2. Método, de acordo com a reivindicação 1, caracterizado pelo fato de que o anticorpo atua através do recrutamento do sistema imune do paciente para destruir célula tumorais, preferencialmente através de citotoxicidade mediada por células dependentes de anticorpos (ADCC) e/ou citotoxicidade dependente de complemento (CDC).
3. Método, de acordo com a reivindicação 1 ou 2, caracterizado pelo fato de que o anticorpo compreende uma cadeia pesada compreendendo uma sequência de aminoácidos representada pela SEQ ID NO: 17 ou 51 ou um seu fragmento e uma cadeia leve compreendendo uma sequência de aminoácidos representada pela SEQ ID. NO: 24 ou um seu fragmento.
4. Uso de um anticorpo que se liga a CLDN18.2 caracterizado pelo fato de que é para a preparação de um medicamento para utilização no tratamento de um paciente com câncer possuindo um tumor o qual é positivo para CLDN18.2, em que o paciente configura-se por ter um risco reduzido de não ser um respondedor ao tratamento com o anticorpo, em que o risco reduzido é avaliado através da determinação do genótipo para um ou mais polimorfismos de um único nucleotídeo selecionados a partir do grupo que consiste em MUC1 rs4072037, IL-10 rs1800896, DNMT3A rs 1550117, SMAD4 rs 12456284, EGF rs4444903, CDH1 rs16260 e ERCC1 rs11 obtido de uma amostra do paciente, em que o risco reduzido é indicado em uma amostra de tumor obtida do paciente pela (a) a presença do genótipo homozigótico rs4072037 [AA] de MUC1; (b) a presença do genótipo IL-10 rs1800896 [GG] homozigótico; (c) a presença do genótipo heterozigótico DNMT3A rs1550117 [GA]; (d) a presença do genótipo heterozigótico SMAD4 rs12456284 [GA]; (e) a presença do genótipo rs4444903 [AA] homozigótico de EGF; (f) a presença do genótipo CDH1 rs16260 [AA] homozigótico; e (g) a presença do genótipo homozigótico ERCC1 rs11615 [TT.

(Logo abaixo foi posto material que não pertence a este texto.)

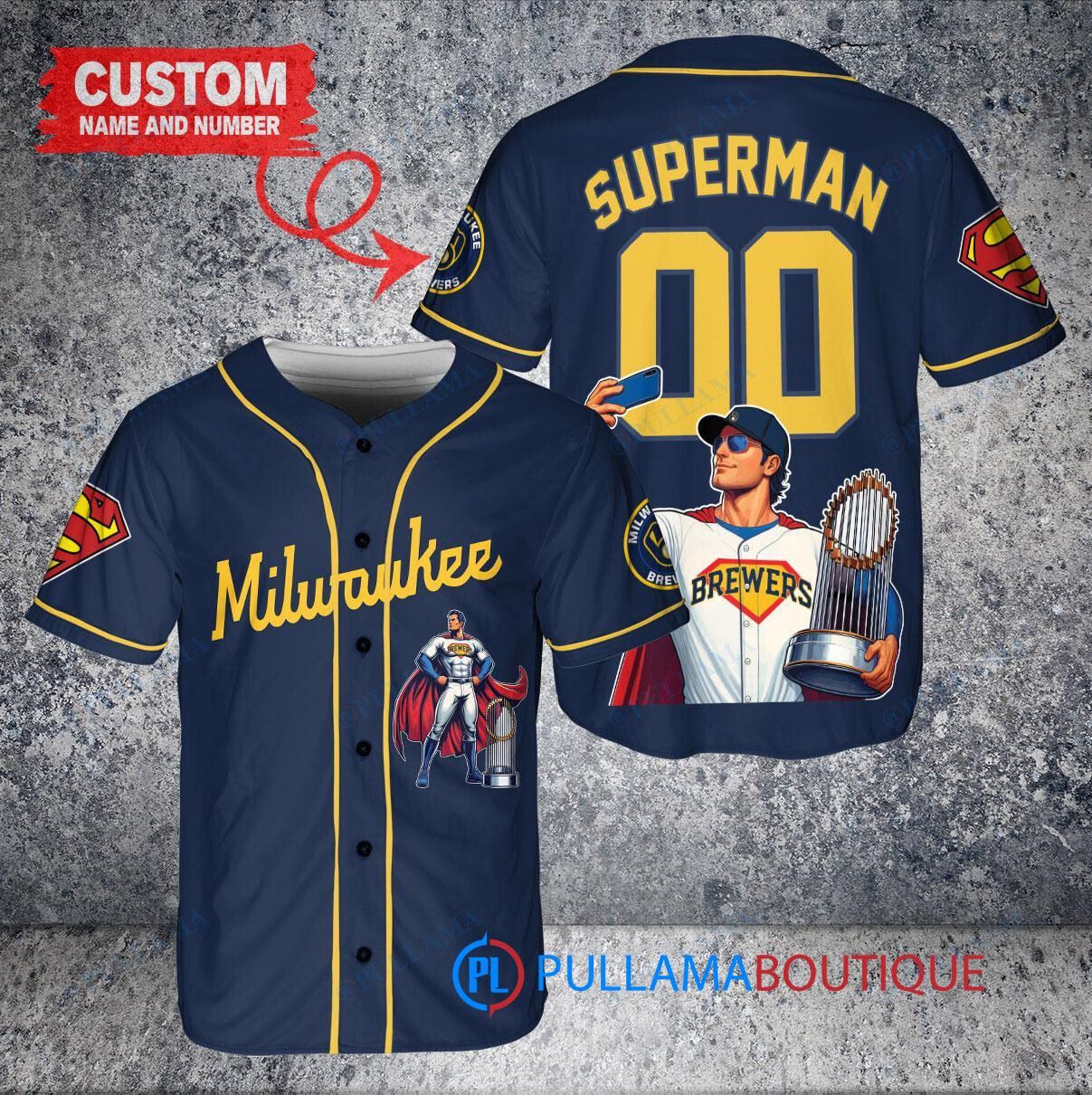 Show off your love for the Milwaukee Brewers and Superman with this custom baseball jersey featuring a unique DC Comics design. The navy jersey is adorned with the iconic Superman logo and comes with a trophy emblem, perfect for any die-hard fan. Made with high-quality materials, this jersey is a must-have for any collector or fan looking to stand out from the crowd.
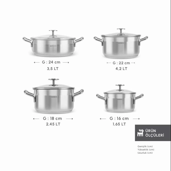 Karaca Arven İndüksiyon Tabanlı 8 Parça Çelik Tencere Setiویژگیهای محصول
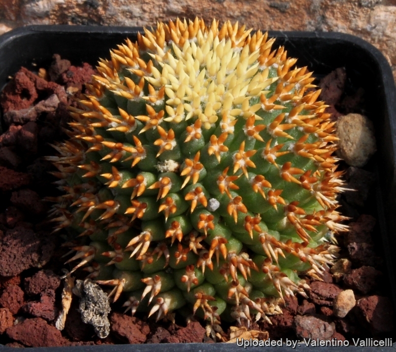 Very nice form with 4 to 5(-6) very short orangish radial spines. The younger spines are yellow and very attractive.
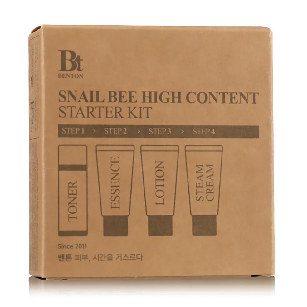 Das BENTON Snail Bee High Content Starter Kit ist ein praktisches Set mit vier Produkten aus der Snail Bee High Content Serie, die für ihre regenerierenden und revitalisierenden Eigenschaften bekannt ist. Die wichtigsten Inhaltsstoffe sind Schneckenfiltrat und Bienengift, die die Elastizität der Haut fördern, den Hautton vereinheitlichen und die Hautstruktur verbessern. Dieses Set eignet sich perfekt zum Ausprobieren der Produkte, als Geschenk oder für unterwegs.
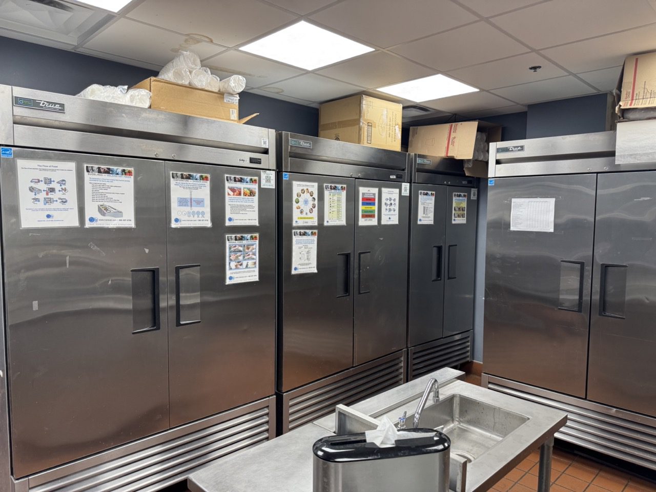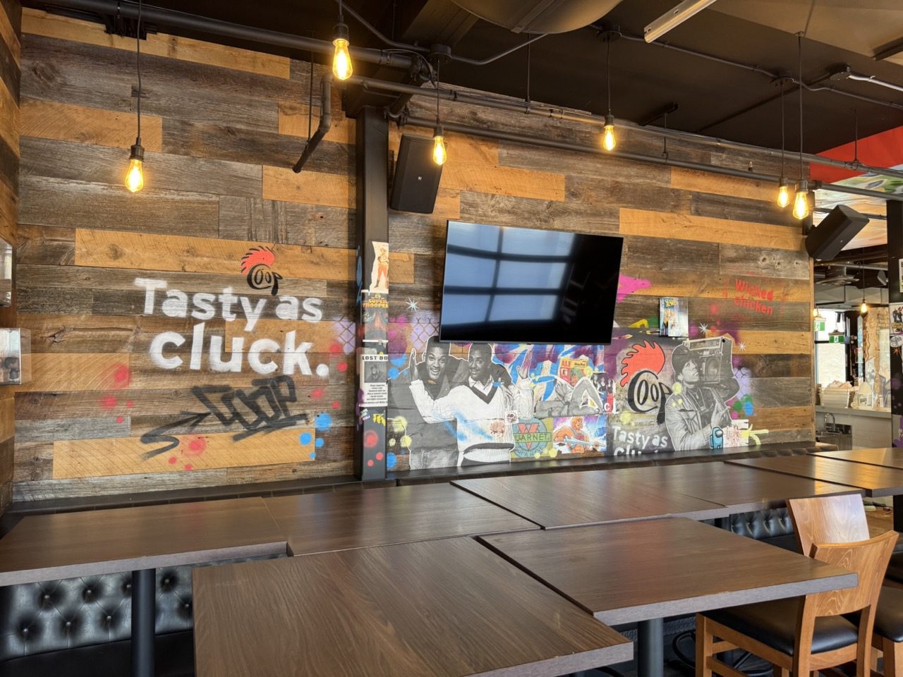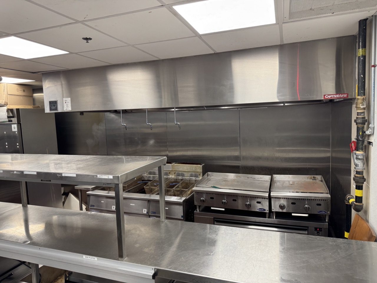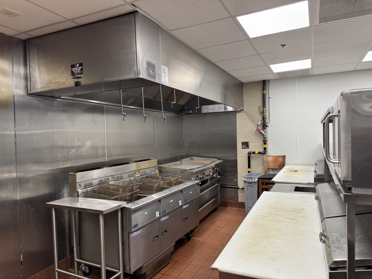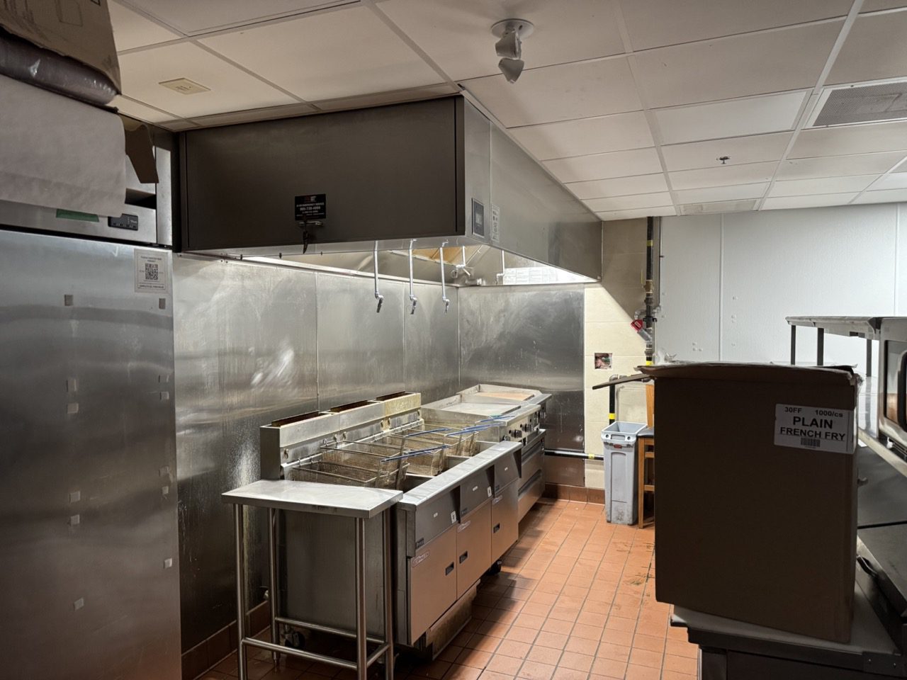 Fully built out in 2022, this modern restaurant space is completely equipped with high-quality finishes and equipment throughout, including True fridges and freezers, 55-inch TVs, a 10-tap draught tower, professional sound system, large kitchen exhaust hood, camera system, banquettes, tables, chairs, flat tops, fryers, and much more.
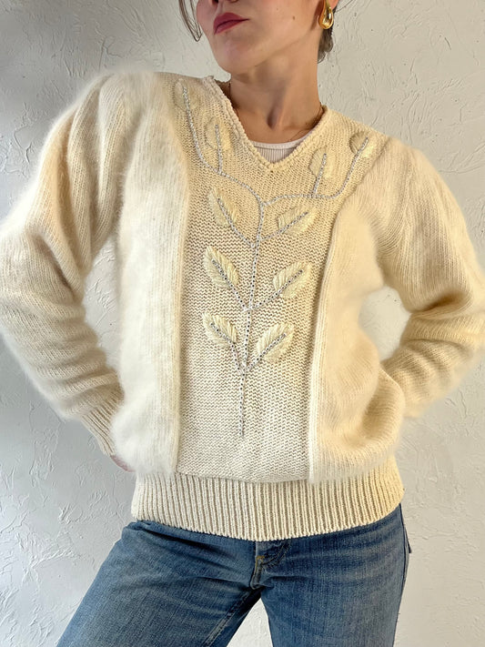 90s ‘Eugenia’ Cream Rhinestone Sweater / Medium
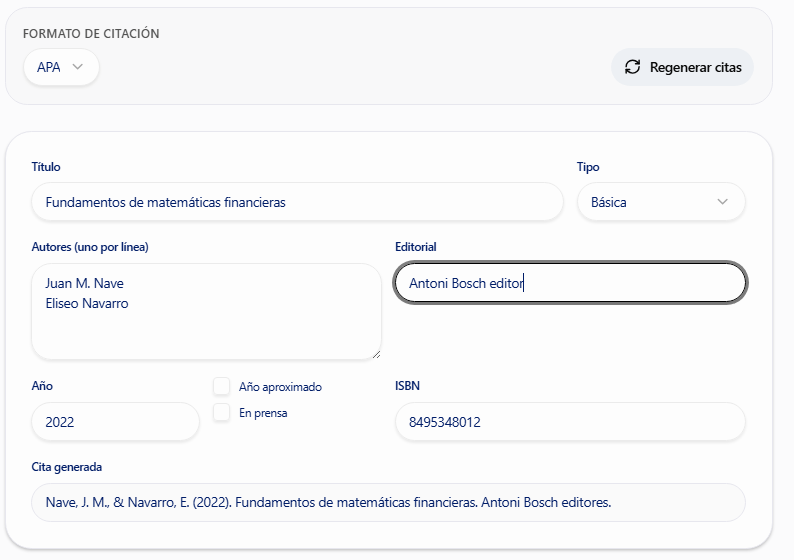 Se hicieron cambios en las bibliografías asignadas, pero no se regeneró la cita, mantuvo el texto de la cita anterior generada, puede quedarse así pero hay que generar un aviso o bien que se regeneren las citas al dar siguiente para que se obtengan los cambios

5. Uso, de acordo com a reivindicação 4, caracterizado pelo fato de que o referido método compreende avaliar se o paciente com câncer é um respondedor ao tratamento com um anticorpo pelo método conforme definido por qualquer uma das reivindicações 1 a 3 e tratar o paciente com câncer com o anticorpo se o paciente tiver um risco reduzido, por não ser um respondedor ao tratamento com o anticorpo.
6. Uso, de acordo com a reivindicação 4 ou 5, caracterizado pelo fato de que o regime de tratamento compreende um tratamento com um conjugado anticorpo-fármaco e em que o anticorpo é dirigido contra o antígeno tumoral, o conjugado anticorpo-fármaco é preferencialmente um anticorpo acoplado a uma porção radioativa, quimioterápica ou toxina ou em que o conjugado anticorpo-fármaco é um anticorpo acoplado a um composto citostático ou citotóxico.
7. Método, de acordo com qualquer uma das reivindicações 1 a 3 ou o uso, de acordo com qualquer uma das reivindicações 4 a 6, caracterizado pelo fato de que o tumor é um tumor sólido.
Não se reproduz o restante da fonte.